Although most adults need between 1,000 – 1,200 milligrams of calcium each day, those over 50 require even more.
Women face special challenges during pregnancy, breastfeeding, and postpartum periods. During these stages, they must increase calcium intake significantly to ensure proper bone growth of babies and toddlers. For pregnant and nursing moms, calcium requirements double.
The Recommended Dietary Allowances for adult males is 700 mg/day and for females 875 mg/day.
For children ages 9 years and older, RDA’s range from 420 mg/day to 600 mg/day depending upon age, gender and physical activity level.
In addition to all of the above, passion fruit also are a decent source of iron, magnesium and zinc.
This trace element plays a key role in transporting oxygen around the body via blood cells called erythrocytes.
Iron deficiency results in anemia and reduced performance during exercise.
Foods rich in iron include shellfish such as shrimp, lobster, crab, clams, mussels, salmon, tuna, turkey, steak, pork chops, baked ham, veal, lamb, venison and wild game like elk, bison, antelope, boar, rabbit, quail, ostrich, emu and duck.
Other good sources include leafy green vegetables like spinach, lentils, chickpeas, pinto beans, mung beans, barley, oats, brown rice, oatmeal, peas, broccoli, cauliflower, strawberries, raspberries, blueberries, oranges and prunes.
The RDA ranges from 18 – 30 mg/day depending upon age and gender.

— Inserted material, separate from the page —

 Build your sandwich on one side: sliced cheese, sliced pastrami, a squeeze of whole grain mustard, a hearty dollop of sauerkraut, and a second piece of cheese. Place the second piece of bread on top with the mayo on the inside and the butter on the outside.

Women who become pregnant will increase their iron needs by 60%.
Pregnant women should consider taking up to 100 mcg of supplemental iron at first trimester pregnancy checkups.

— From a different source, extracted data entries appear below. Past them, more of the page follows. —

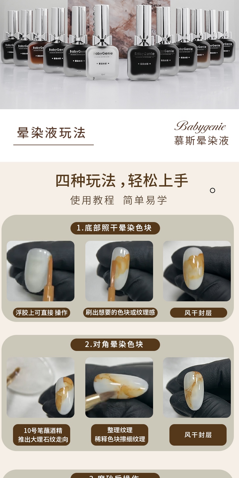 色膠後可直接刷上暈染液,或者是色膠後使用磨砂封層,再使用暈染液。暈染液無需照燈。
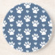 Pattern Of Paws, Dog Paws, White Paws, Blue Hearts Coaster
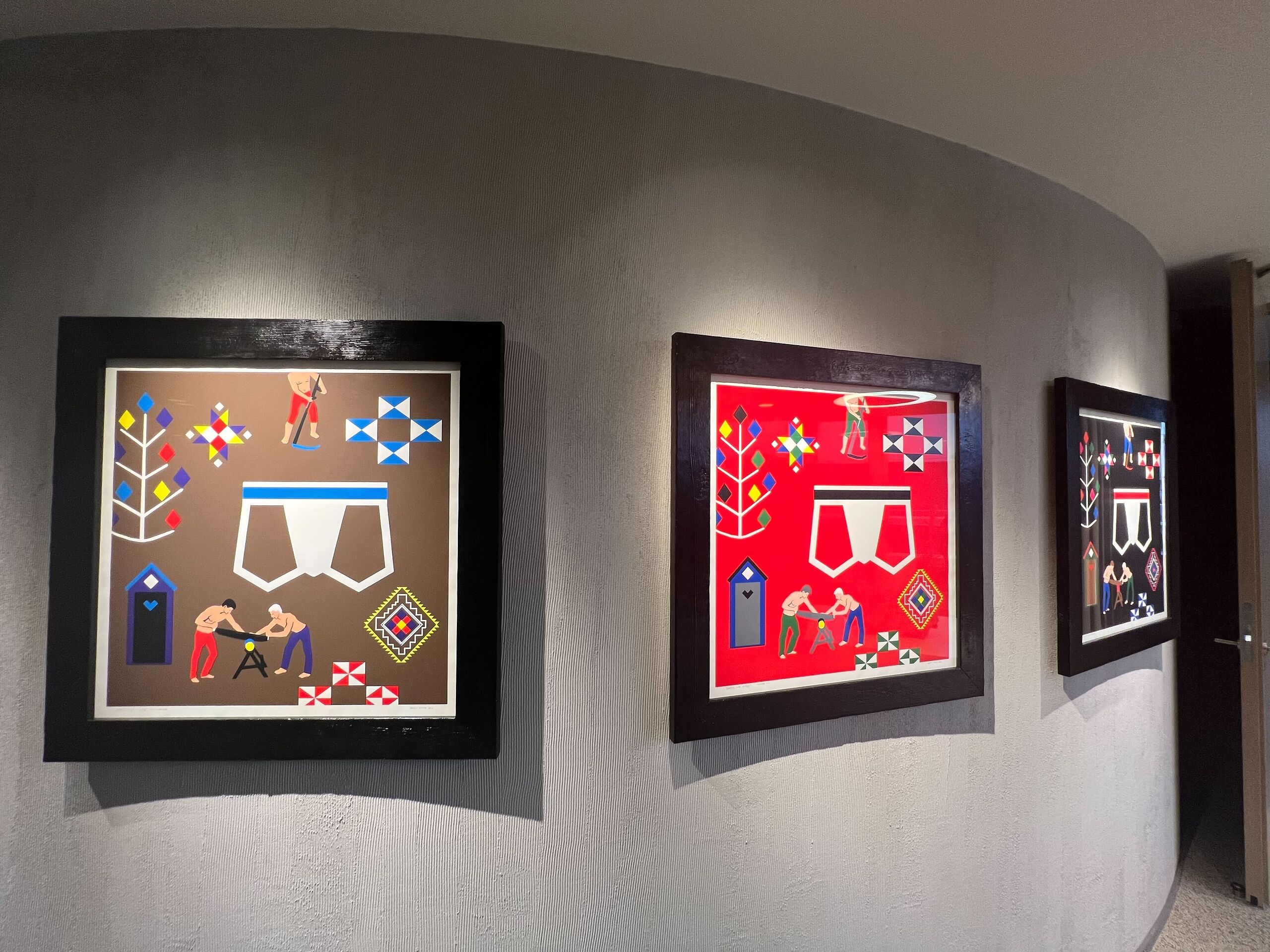 Jaanus Samma teostest on üleval kolm teost tema graafikaseeriast nimedega „Jockstrap sinise värviga“, „Jockstrap musta värviga“, „Jockstrap punase värviga“ (2021). Tema graafikaseeria ühendab geikultuuri sümbolid ja käsitöö traditsioonilise ikonograafia.

Important cofactor in hundreds of enzymes responsible for cellular processes like DNA replication and enzyme activation.
Good magnesium source foods include leafy greens, oats, bananas, avocados, broccoli, brown rice, dried figs, dates, milk, spinach, tofu, peanut butter, molasses and blackstrap molasses, pumpkin seed oil, quinoa and green tea.
According to some researchers, low magnesium intake could increase risk of type 2 diabetes by up to 50%.

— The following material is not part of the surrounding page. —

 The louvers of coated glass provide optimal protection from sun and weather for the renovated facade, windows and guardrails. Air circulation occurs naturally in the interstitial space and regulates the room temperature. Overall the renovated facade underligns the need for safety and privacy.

Inadequate amounts may also contribute to cardiovascular problems such as atherosclerosis.
Found in every cell of our bodies zinc serves many functions including helping produce hormones, strengthening bones, fighting infection, regulating immune response and preserving skin integrity.
It works closely with copper which facilitates its uptake into tissues.
Foods rich in dietary zinc include oysters, lean pork, sardines, lamb, beans, fortified cereals, lentils, chickpeas, peanuts cashews and pecans.
Most Americans do not meet their needs for zinc. Women require more than men because of hormonal changes during pregnancy and nursing periods.
The Institute of Medicine recommends 15 mg a day for pregnant women and up to 30 mg for breastfeeding mothers.
Too little zinc leads to poor wound healing, increased infections, loss of appetite and weight gain while high intakes can result in diarrhea, nausea, vomiting and stomach pain.
Some studies indicate that taking supplemental zinc appears to be beneficial for treating chronic obstructive pulmonary disorder.
However, there have only been very few well controlled clinical trials conducted thus far to determine whether supplementation improves lung function in COPD patients who already show signs of impairment; further research is therefore warranted.